I disliked that Khosa frequently either endured being touched or touching others, seemingly only so the audience could interpret that she is a good person. For instance “I brush his hair from his eyes as he sleeps, pressing my lips against his forehead for the briefest of moments, ignoring the shudder it brings” (chapter 58) feels extremely out of character. The touch should be used sparingly to emphasize relationships (good or bad) between characters – such as when the queen refuses to let her pull away, or she does not mind Donil’s touch, or when Vincent begins to understand that she does not like to be touched. These are all good points.

Donil was my other favorite character. Despite his somewhat one-dimensional characterization, he was a positive spot in otherwise (unfortunately) unlikeable characters. His respect for Khosa was one of the main things that won me over. Emphasized by him always waiting for Khosa’s permission before entering the library and not touching her without her consent, Donil was a bright spot in this book. I did read other reviews that described him as a womanizer, but I did not get that impression. “Womanizer” is someone who takes advantage of women’s feelings in a sexual way. While other characters imply this about Donil, and there is a lot of flirting between him and other female characters, only Daisy seems to be a confirmed partner. What I see in Donil is a young man who flirts and jokes as a front, and others believe it is truth. Rather than a womanizer, he seems to be a cheerful presence, always smiling and joking.

I liked that there were guards who were respectful of Khosa. Guards in most stories are described as bawdy, generally depraved, and dangerous. I enjoyed that there were only good guards (at least the named ones) that surrounded Khosa, and that Merryl was shown to have a life outside of being a guard (which again, most books don’t allow for).

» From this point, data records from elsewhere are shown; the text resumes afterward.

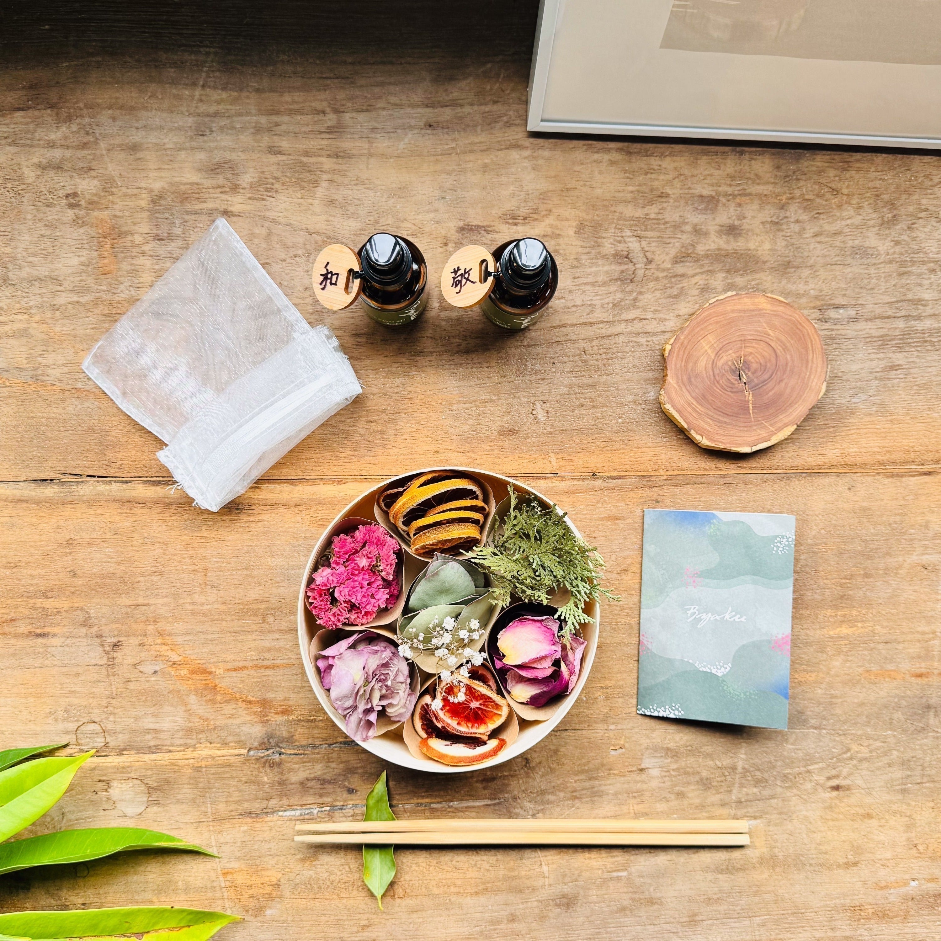 料理と同じで素材の組み合わせと調味料で、幾重にもバリエーションが生まれるように、このサシェも、ドライフルーツとドライフラワーにByakuのルームフレグランスをスプレーして香りを纏わせるだけではなく、時間を掛けてゆっくり香りを育てていく面白さがあります。
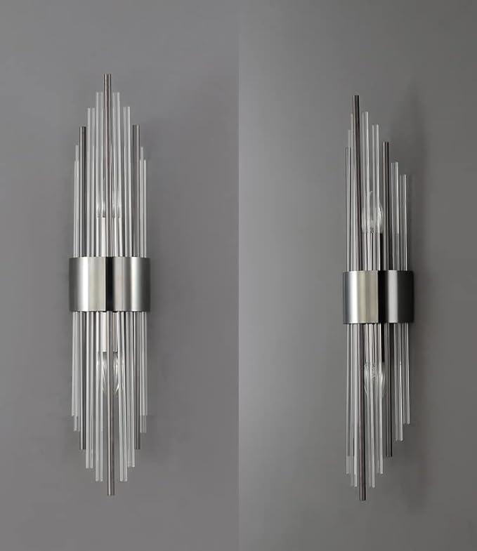 - Workmanship:The vanity wall sconces fixture made of welded stainless steel and crystal glass.The textured design of the gold metal with clear glass rods glass rods is brilliant and luxury.
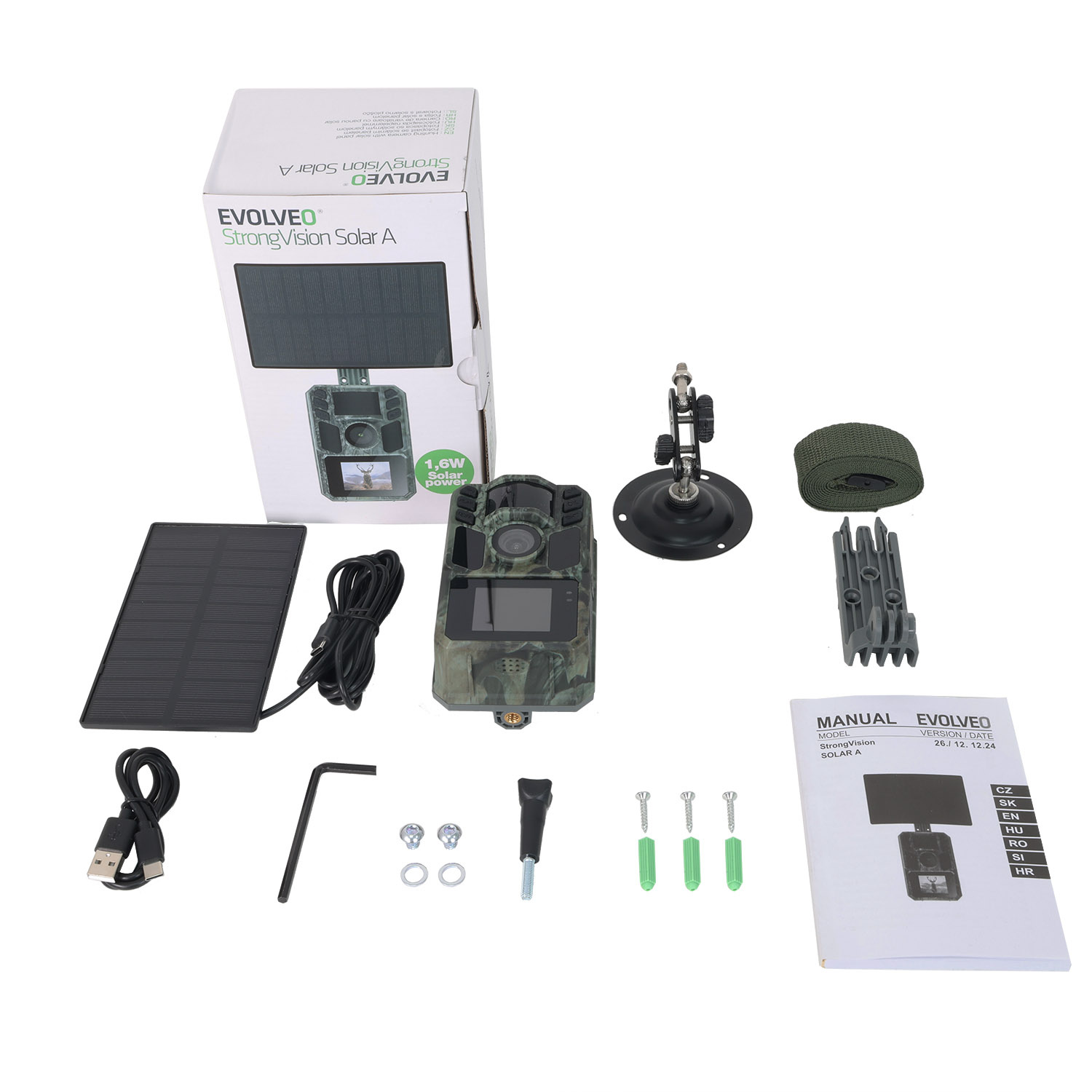 • Fotopast EVOLVEO StrongVision SOLAR A • Solární panel (1,6 W) • USB-C kabel (napájecí a datový) • Držák solárního panelu • Držák se závitem pro fotopast • Montážní šrouby • Upevňovací pásek • Uživatelský manuál (CZ,SK,EN,HU,RO,Si,HR) TECHNICKÁ PODPORA A SERVIS: podpora@evolveo.czDokumenty
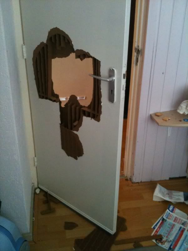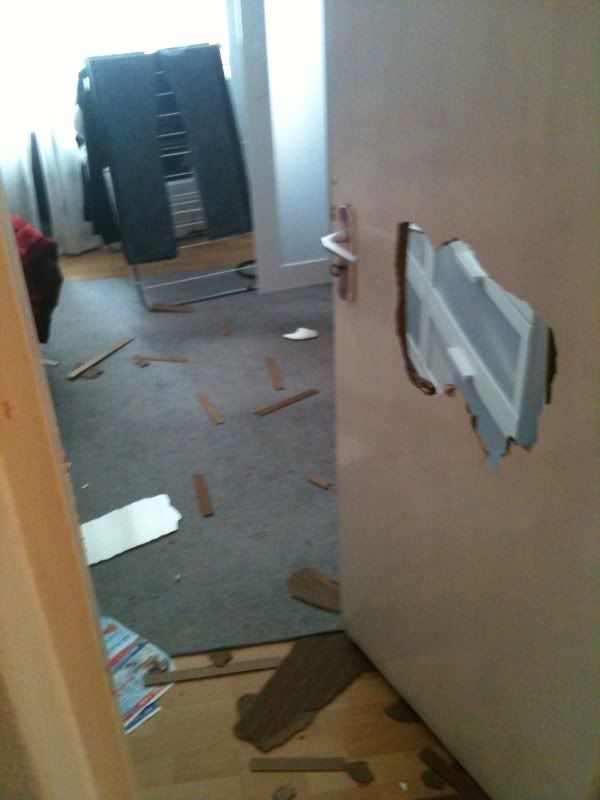 Vanmorgen een angstvallige anderhalf uur doorstaan. Onze kleine man had zichzelf namelijk opgesloten in onze slaapkamer. Al een hele tijd is de sleutel uit het slot, omdat Sami er steeds aan zat, maar gisteravond had mijn man hem er weer in gedaan en vervolgens vergeten eruit te halen. Om negen uur vanmorgen hoorde ik Sami aan de klink trekken en ging ik even een kijkje nemen. Mijn schrik was enorm toen ik zag dat hij hem van binnen op slot had gedraaid. Gelukkig besefte ik direct dat mijn slaapkamer geen verborgen gevaren kent en hij er wel veilig was. Na vele wanhopige pogingen om Sami zelf de sleutel om te laten draaien, kwam ik tot het besef dat hij gewoon niet door zou krijgen dat hij de sleutel weer terug moest draaien. Ik heb alles geprobeerd; de sleutel terugdraaien van de buitenkant met een schroevendraaier, de sleutel eruit duwen om hem op een krant te laten vallen en hem dan onder de deur door terug te schuiven (Sami pakte de krant én de sleutel, dus helaas) en ik heb zelfs geprobeerd de deur open te breken met een grote schroevendraaier. Ik had mijn man al verteld wat er gaande was en die was al op de terugweg van zijn werk en ook had ik mijn vader gebeld, aangezien hij bouwvakker is en mij misschien tips kon geven. Sami bleef in eerste instantie rustig, maar na een half uur begon hij te huilen en werd op een gegeven moment helemaal overstuur, zo zielig!! Hij had vannacht al slecht geslapen omdat hij ziek en verkouden is en hij liep nu dus ook extreem te snotteren. Het is verschrikkelijk als je je kind niet kan troosten als je hem zo hoort huilen! Ik zag hem door het sleutelgat ook wanhopig door de kamer heen en weer lopen. Ik heb nog een koekje onder de deur door geschoven, maar deze wilde hij niet. Om kwart over tien kwam mijn man thuis en hij kwam direct in actie:
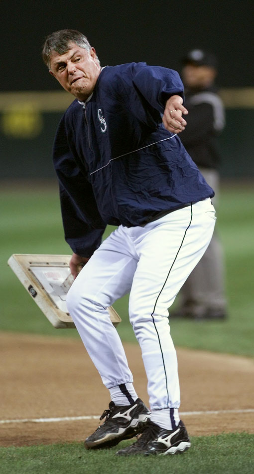 1995 SSY winner Mariners' manager Lou Piniella throws first base in a fit of rage after a bad call cost him a game in the 2002 season. (Dan DeLong/Seattle Post-Intelligencer)
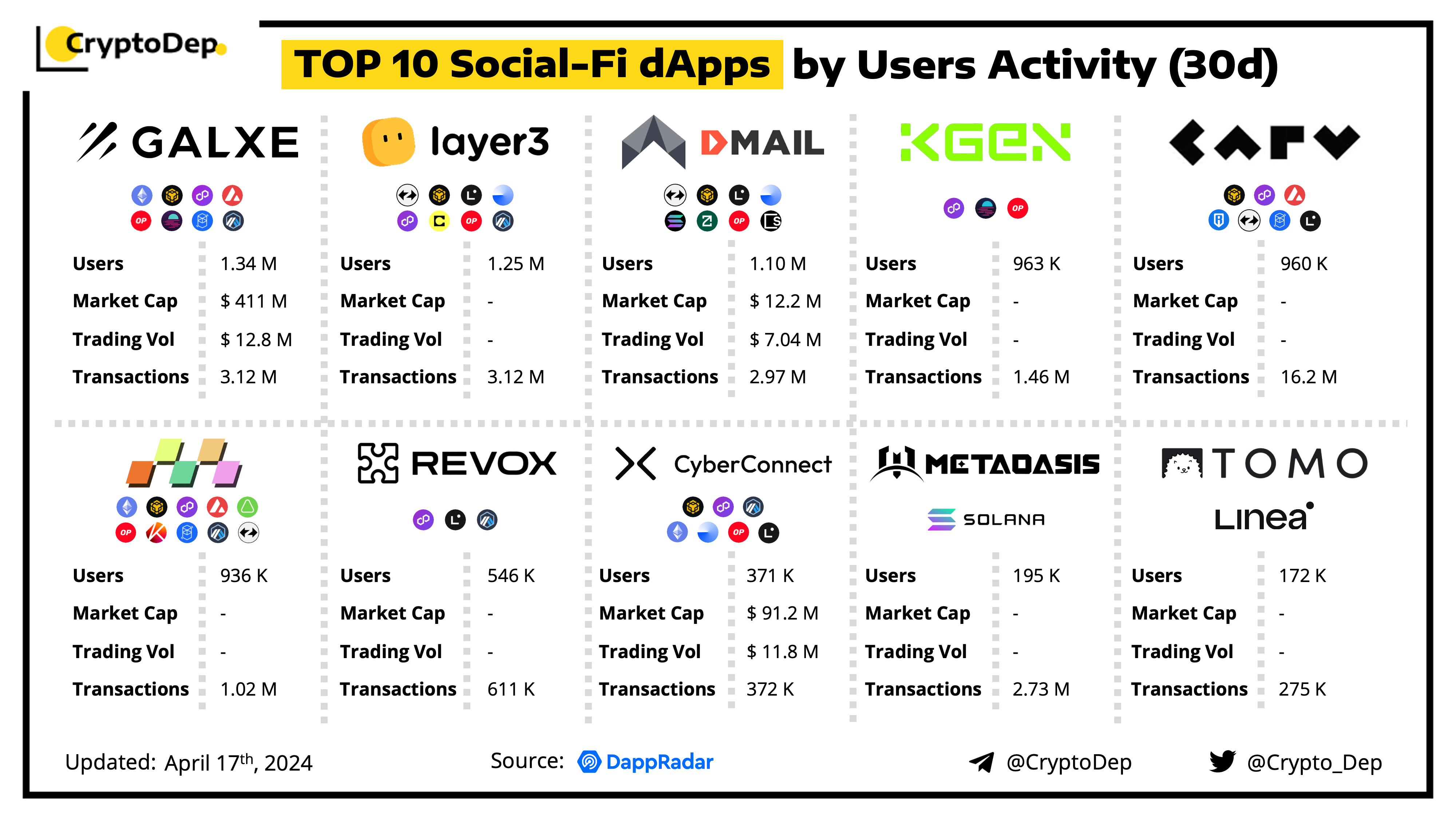 Let's take a look at the top 10 social-fi dApps, based on users' activity over the past 30 days, according to the DappRadar. Social-Fi brings together the principles of social media and DeFi by offering a Web3 approach to creating, managing, and owning social media platforms and the content generated by its participants.
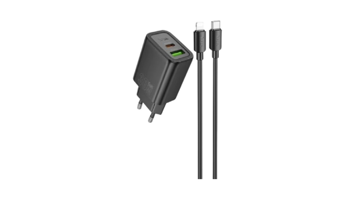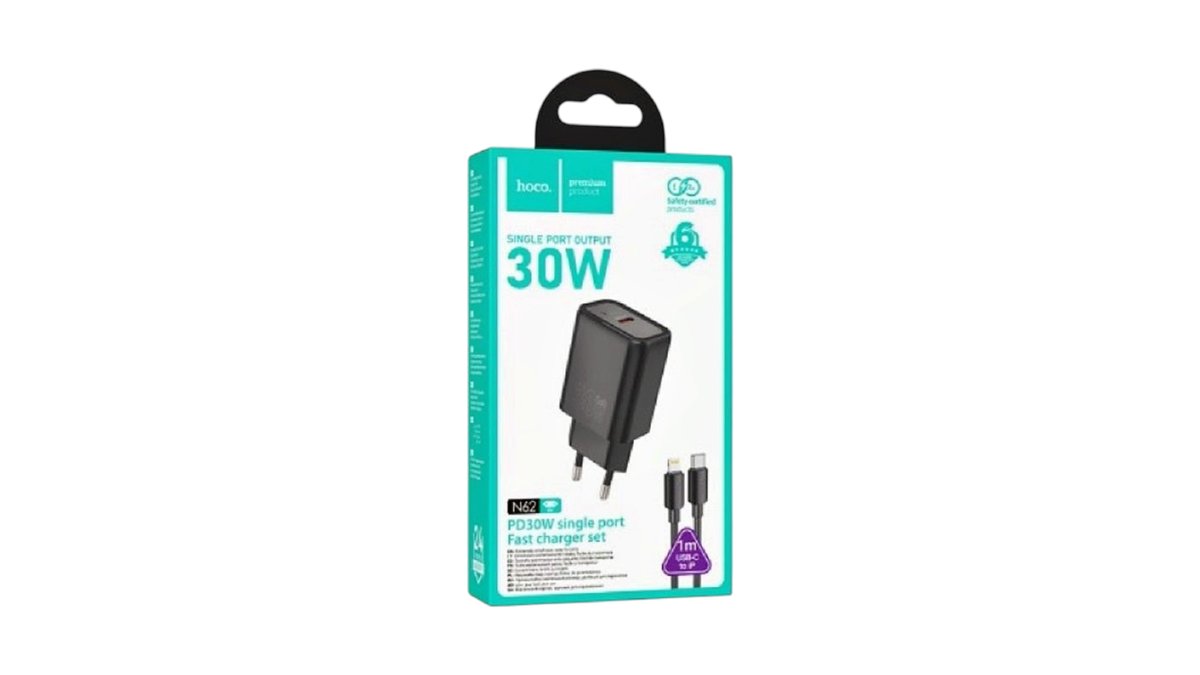 HOCO N62 GENTLE HÁLÓZATI GYORSTÖLTŐ (TYPE-C) (PD)30W LIGHTNING/TYPE-C KÁBELLEL FEKETE

I did not enjoy Dara’s chapters. She seemed like a very flat character (though not so much as Witt) and I wish we could have got more about her than “I need an Indiri male but I love Vincent and hate Khosa because Vincent loves her.” Not an intriguing character at all. (And if you were wondering my thoughts on Vincent, I find him regrettably forgettable. Like most royal characters, he is overburdened by expectation and complains about it too much for my interest.)

Witt. He was introduced as a character who has significant feeling but must hide it, and promptly all he did was act violently without feeling anything. This character was my least favorite. Even when Ank called him a good man, it was not followed up with anything good. I found myself skipping Witt’s chapters when it became clear that they added nothing to the story. And I’m tired of violence just for violence, which is all his story has been.


There are three main plots to this story: the sea, the war, and the romance. I liked the sea. The most interesting storyline of this novel was about the sea itself – the rising sea. And that many of the characters spent so much time trying to understand the rising sea. I am very interested to see where that goes in the next book.

The war storyline (and the generalized violence) felt forced and added mainly because a) fantasy stories are “supposed” to have war and violence and b) to force Khosa into leaving her home and as her redemption at the end. I think there could have been better ways to handle both of these events. Even had it been a situation where we do not see the “plotting” of the enemy (which significantly reduced any potential tension that storyline offered) or had only snippets from spies relaying information.

The romance was not as complicated as some people want to make it. And honestly, it felt like a solid undercurrent to the story as a whole. (Even if the whole “adopted siblings falling in love” track is too cringey for me to find compelling)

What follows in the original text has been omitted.